LinuxGeex.Myhosting.Info: Do What I Mean - DWIM-ish Programming in PHP and Javascript
Articles Do What I Mean - DWIM-ish Programming in PHP and Javascript Feb 16th 2012

Programming in dynamic languages gives us flexibility which in turn provides us opportunities for rapid prototyping and often much faster development times as well.

With all this flexibility comes a cost in performance, and also often a cost in validating datatypes to ensure that we are doing sane things. There's not really any compiler to tell us not to pass an integer as an array, for instance. In the case of PHP it will typecast it to string and then to array, for example '$num=4096; echo $num[0];' will produce '4' as output, without any warning.

I am not going to propose solutions to this behaviour. In fact I'm going to suggest even more flexibility, but perhaps in the madness of that there will also be a measure of method. ;-)

Listing 1: (passing this a scalar as $data makes a mess!)

$template="Hello, %visitor%!\n"; $replace="%visitor%"; $data=array("World"); function foo($template,$replace,$data){ foreach ($data as $replacement){ $result[]=str_replace($replace,$replacement,$template); } return implode($result); } foo($template,$replace,$data); // Hello, World!\n foo($template,$replace,4096); // Hello, 4!\nHello, 0!\nHello, 9!\nHello, 6!\n

Listing 2: (tired of all that flexibility, let's enforce some restrictions!)
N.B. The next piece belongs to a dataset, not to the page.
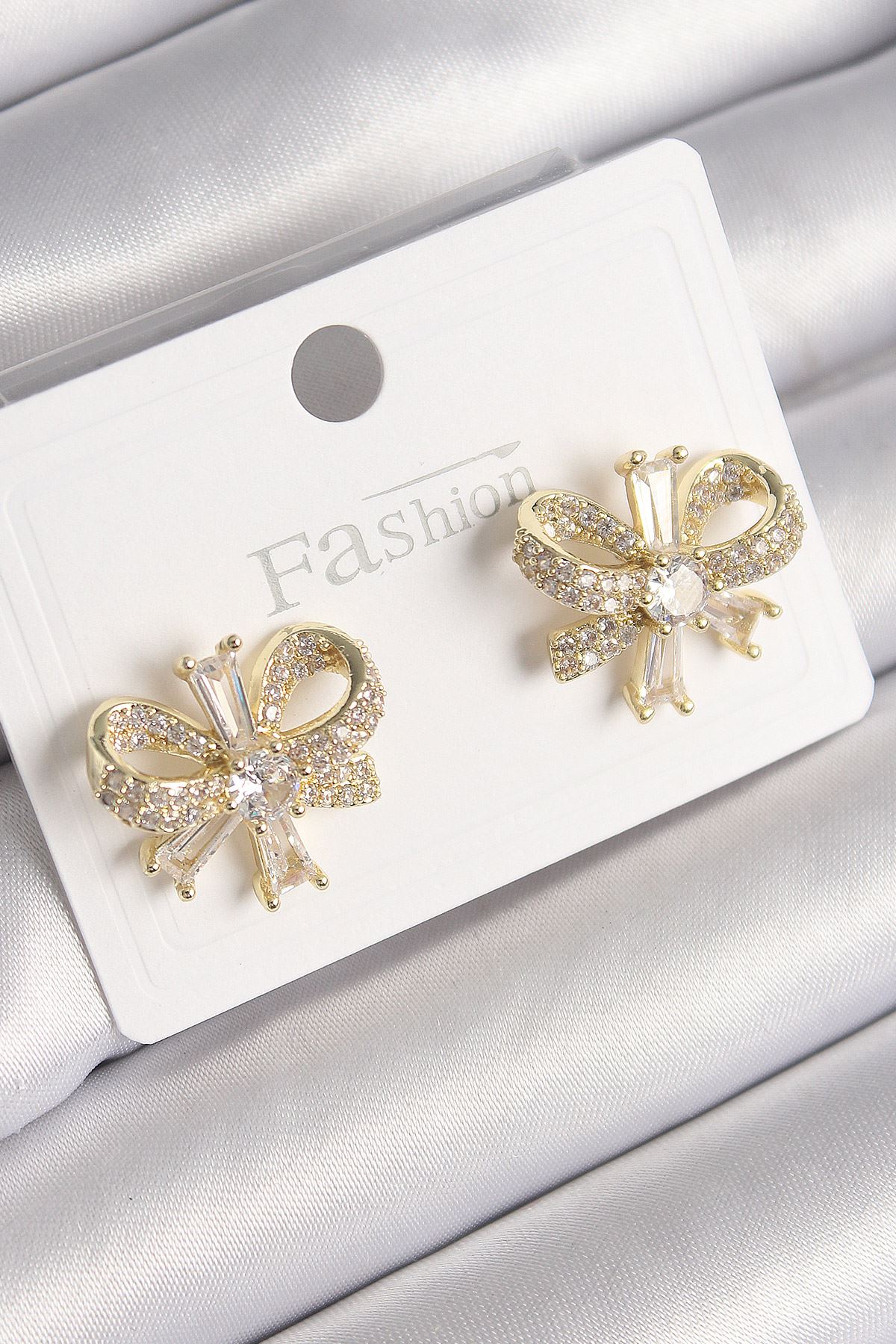 YRTCL Pirinç Gold Renk Zirkon Taşlı Fiyonk Model Kadın Küpe

function foo($template,$replace,$data){ if (!is_array($data)){ user_error('foo: 3rd argument must be array'); return false; } foreach ($data as $replacement){ $result[]=str_replace($replace,$replacement,$template); } return implode($result); } foo($template,$replace,$data); // Hello, World!\n foo($template,$replace,4096); // false

Listing 3: ("Do What I Mean!" Is it madness? Let's make it more flexible:)
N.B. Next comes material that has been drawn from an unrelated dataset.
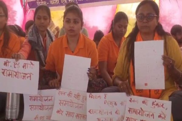 रायपुर। छत्तीसगढ़ में सरकारी नौकरी से निकाले गए बीएड सहायक शिक्षक तूता धरना स्थल पर बैठे हैं। 2,897 बर्खास्त सहायक शिक्षक यहां 8 मार्च से धरने पर बैठे हैं। गुरुवार को आंदोलनकारियों ने खून से मुख्यमंत्री विष्णुदेव साय को पत्र लिखा और सरकार से समायोजन की मांग की है। शिक्षकों का कहना है कि सरकार…
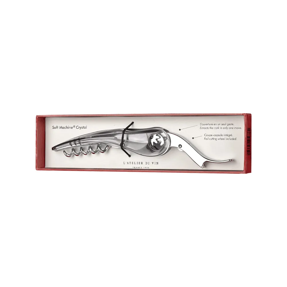 Le « Soft Machine Crystal » a toutes les caractéristiques : Système d’extraction très fluide, Fiabilité du maintien levier d’appui sur le goulot de la bouteille, Lame coupe-capsule intégrée, Design unique.

function foo($template,$replace,$data){ if (!is_array($data)) $data=array($data); foreach ($data as $replacement){ $result[]=str_replace($replace,$replacement,$template); } return implode($result); } foo($template,$replace,$data); // Hello, World!\n foo($template,$replace,4096); // Hello, 4096!\n

Here we have reduced the code complexity vs enforcing limitations, and in the process we have made this function more useful and we have solved the problem with the wrong datatype being passed in.